Vengeance to the Max (Max Starr, #5)

Vengeance to the Max (Max Starr, #5) by Jasmine Haynes




Prologue



There were many things she didn’t remember, things she didn’t want to, things she’d forced herself to forget for survival’s sake, and things that had simply faded away. This, though, was the one moment in her life she could never forget, that even her will had failed to erase.

It was the moment she would live and relive in her nightmares for all eternity.

She’d parked her car next to her husband’s, and now stood with her palm on the handle of the 7-11’s open door, gray metal turned icy by the late October night. The chill rose to numb her arms, traveled to the muscles of her face, and froze the thump of her heart mid-beat.

Inside, five men, including her husband, turned to her, then stilled like the arrested frame of an old movie. Bright florescent overhead lights leached the color from the scene and left their faces ashen. The acrid scent of burnt coffee wafted from the pot on its hot plate. Overdone hot dogs, cardboard hamburgers, and burritos ripened in their warming bins.

A grimace distorted the young clerk’s face as he stood paralyzed behind the counter.

Her husband, legs spread, knees bent slightly, arms away from his sides like a gunslinger ready for a shoot-out, hovered by a wire stand of snack chips.

Three men, faces hardened by evil to a similarity, grouped in huddle formation. The tallest held a gun in twitching fingers.

She would take the image of those faces to her grave.

A scar marred the cheek of the shortest. Slashing down from the ridge of bone to the corner of his mouth, it stretched his lips in a caricature of Batman’s Joker. A tattooed snake coiled on the arm of the second, the one closest to her. Following the fist already bunched, the snake’s bite would kill as easily as the real thing.

And the third. His blond hair brushed his shoulders and long lashes rimmed eyes the blue of a crisp cloudless fall sky. The smile of an angel creased full lips on a face that could have graced a movie screen and fluttered the hearts of teenage girls and old ladies. Except for the gun in his hand leveled steadily at the clerk. And his boots. Scarred black leather and steel toes that could crush ribs with a single kick.

She would remember the scar, the tattoo, and those boots.

The frozen moment, in which she saw everything and felt nothing, ended. The clerk reached beneath the counter. An alarm screeched in the night. The gun exploded, ghostly fire flashing from its muzzle. Her husband yelled.

And the gun went off again.

Someone screamed, the pain of it raging in her own throat.

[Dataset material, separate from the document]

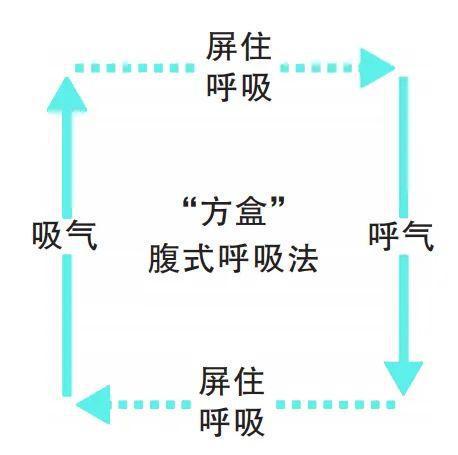 屏住呼吸,保持肺部清空,沿着方盒的下沿从右向左,慢慢从1数到4。重复上述步骤3次,或每次练习5分钟。

Her husband slid to the dirty linoleum. Bags of Cheetos and Doritos fell to the floor with him and covered him like a blanket.

The sudden profusion of color almost blinded her. The leaf-green of his sweater, bright orange and yellow potato chip bags, the red dot of blood blossoming from the tiny hole in his forehead. Her knees cracked against the floor as if it were concrete. She crawled to him on elbows and knees, then gathered him to her.

His eyes turned from light brown to the deep color of freshly turned earth, and his breath bathed her wet cheek. When his lips moved, she could only read his final words over the clamor in her ears.

“Find my sister.”





Chapter One





“Head wounds bleed like a sonuvabitch, Max. That wasn’t exactly the way I died.”

How could Cameron speak with so little emotion? Perhaps because he’d been the one who died while she’d lived with the aftermath the past two years. Live with it, sleep with it, ache with it.

Listening to her dead husband’s unaffected voice, Max Starr curled into a ball in the center of her twin-size bed, wrapping her body around Buzzard the Cat. Her thrashing had terrified the black stray she couldn’t seem to get rid of.

“Not a dream, a nightmare,” she murmured into the warm fur. Cameron could read her mind and invade her dreams, and he was right. The night hadn’t happened that way. She hadn’t gotten close to him, hadn’t held him in her arms as he died, hadn’t breathed his last breath with him or heard his last words.

His killers had hauled her from the store before she’d had a chance to touch him. And he’d been dead before he hit the floor.

Dead but not gone. Not the night he’d been shot. Not for the two years since his corporeal death. Cameron haunted her. Either that or she’d lost her mind. Call it a little quirk she had. Some people kept pictures and mementos. Max pretended her dead husband talked to her. And made love to her.

Max hugged the cat, rubbing her face in fur fragrant with eucalyptus and dirt, the scent not quite easing the ache in her bones.